Episode 31: “SKELETONS IN THE CLOSET”

For a newcomer like me, one of the most disturbing phenomena of Parisian high society is the fashion of embalming. That famous expression of Thackeray: “a skeleton in every house”, is literally true in the case of the families of “Le Tout-Paris”. Only that instead of skeletons, we would talk about “embalmed corpses”. If you want to inherit the family’s title of nobility, you have to strictly comply with everything decreed by the deceased in his will. And one of the most frequent testamentary stipulations is: “My heir will ensure that my death is not an impediment for me to continue going weekly to the salon of Mme.
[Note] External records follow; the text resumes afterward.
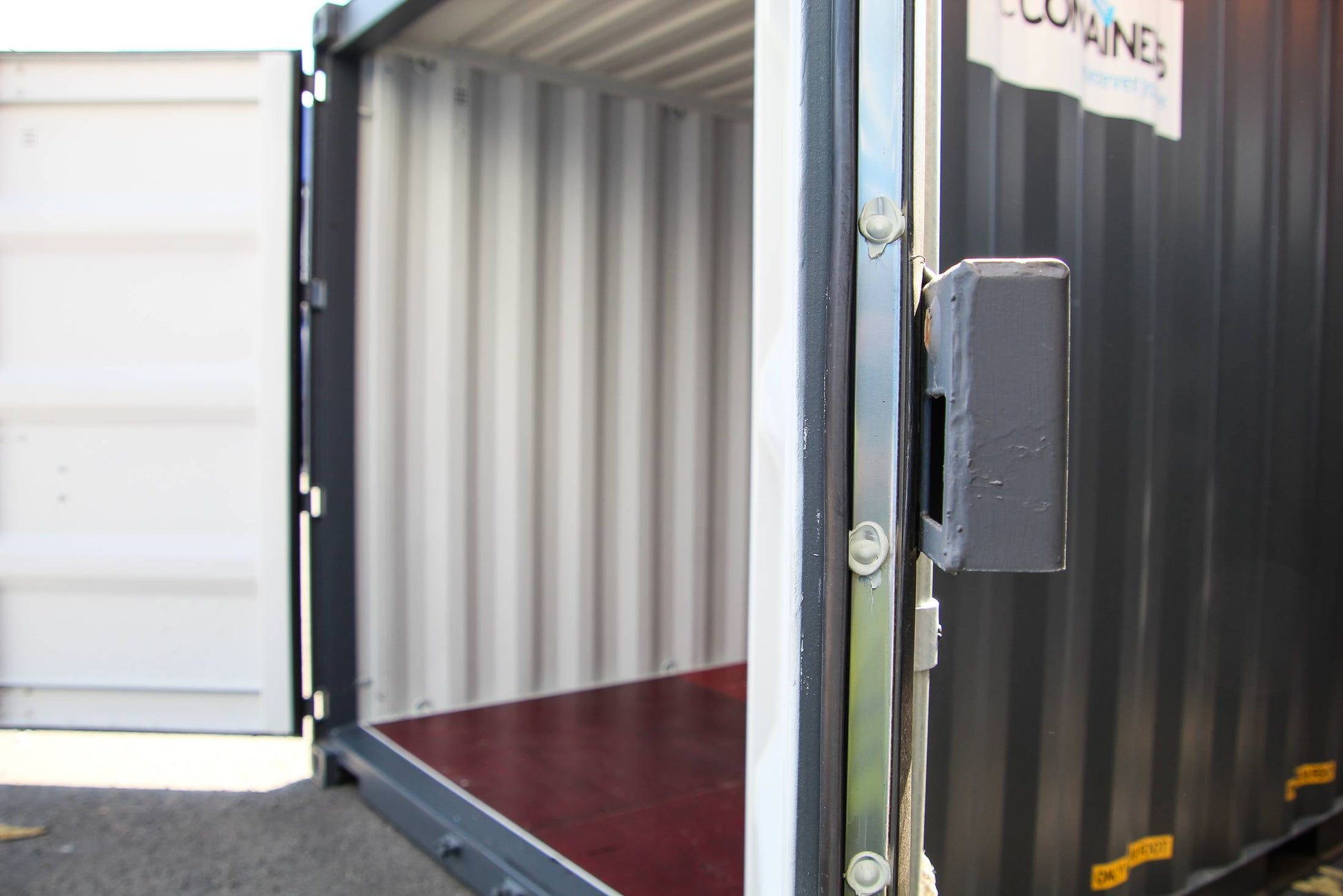 De container is voorzien van dubbele deuren met sluitstangen en een beschermende behuizing voor het slot. De container is standaard uitgerust met heftruckpaden en een duurzame 28 mm multiplex of bamboe vloer. Ventilatie wordt verzorgd door de ontluchtingsventielen van de container. De standaardkleur is elegant grafietgrijs RAL 7024.
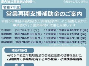【石川県商工会連合会】 営業再開支援補助金のご案内
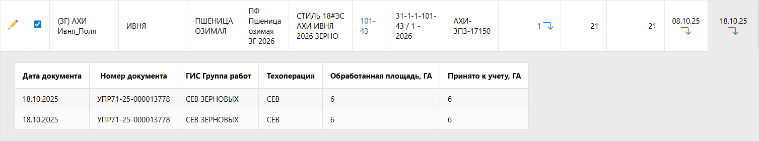 • раскрытие детализации по работам (дата документа, техоперация, площади);
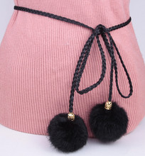 【天天特价】包邮韩版百搭装饰编织绳线细 女 兔毛球女士腰绳腰链
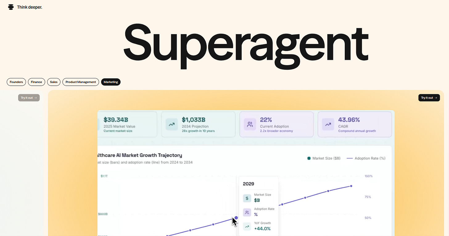 📊 The SuperReport: The primary output of Superagent is not a text summary, but what they call a SuperReport. This is a rich, fully interactive, aesthetically designed website generated on the fly.
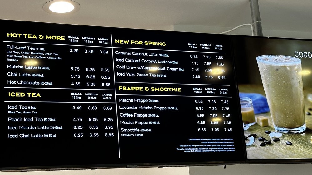Matcha, lavender, and milk of choice blended with ice and topped with whipped cream.Contains: Milk, Soy, Tree nuts
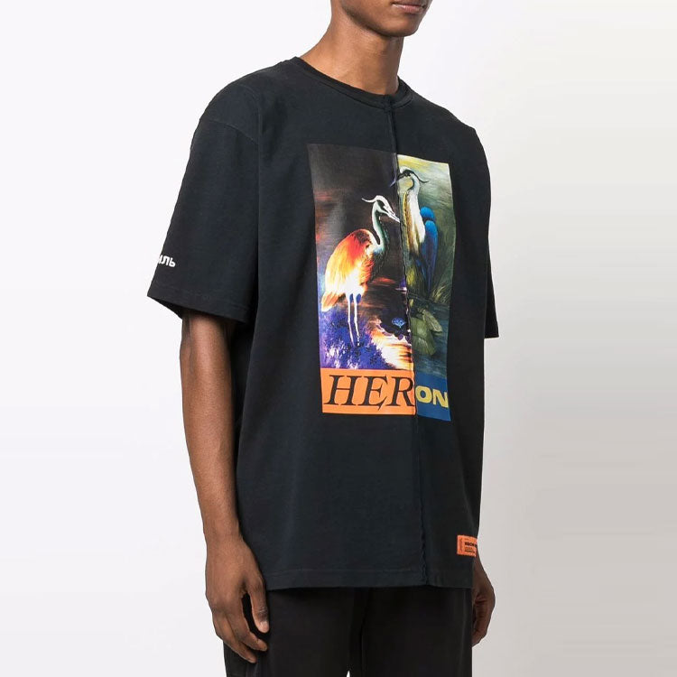 HERON PRESTON Split Herons T-Shirt 'Black Orange' HMAA029F21JER0011022

X”. Which necessarily involves embalming the corpse. (Unless, of course, you have the very poor taste of attending an elegant salon accompanied by a corpse in decomposition.) The ill reputation of arrogance borne by some Parisian aristocrats, who don’t even deign to respond to your greeting when you meet them (you have to pay attention to the fact that they always go on the arm of someone to support them, whether it be a family member or a trusted servant), it is due to this phenomenon: simply, they don’t greet because they are dead. To further complicate things, the curiosity to know what their peers say about them after they die, pushes some members of “Le Tout-Paris” to pretend his death and attend the salons embalmed and accompanied by a servant, imitating thus the authentic dead ones. This fashion of embalming distorts the social life of the upper class, because a person whom you thought was dead, the following week may show up alive and well. This is called sarcastically “to resurrect”. “So-and-so has resurrected” is often heard in the salons. Hence, I never trust the vital status of a person of high society. (The embalmers perform real wonders with the corpses, therefore someone may look more full of live when dead than when he was alive.) It is for this reason that, at the beginning of my incorporation into the Parisian salons, I acquired the ugly habit of pinching the visitors. This earned me a bad reputation among the «salonnières» until, adhering to the most elementary rules of etiquette, I stopped doing it.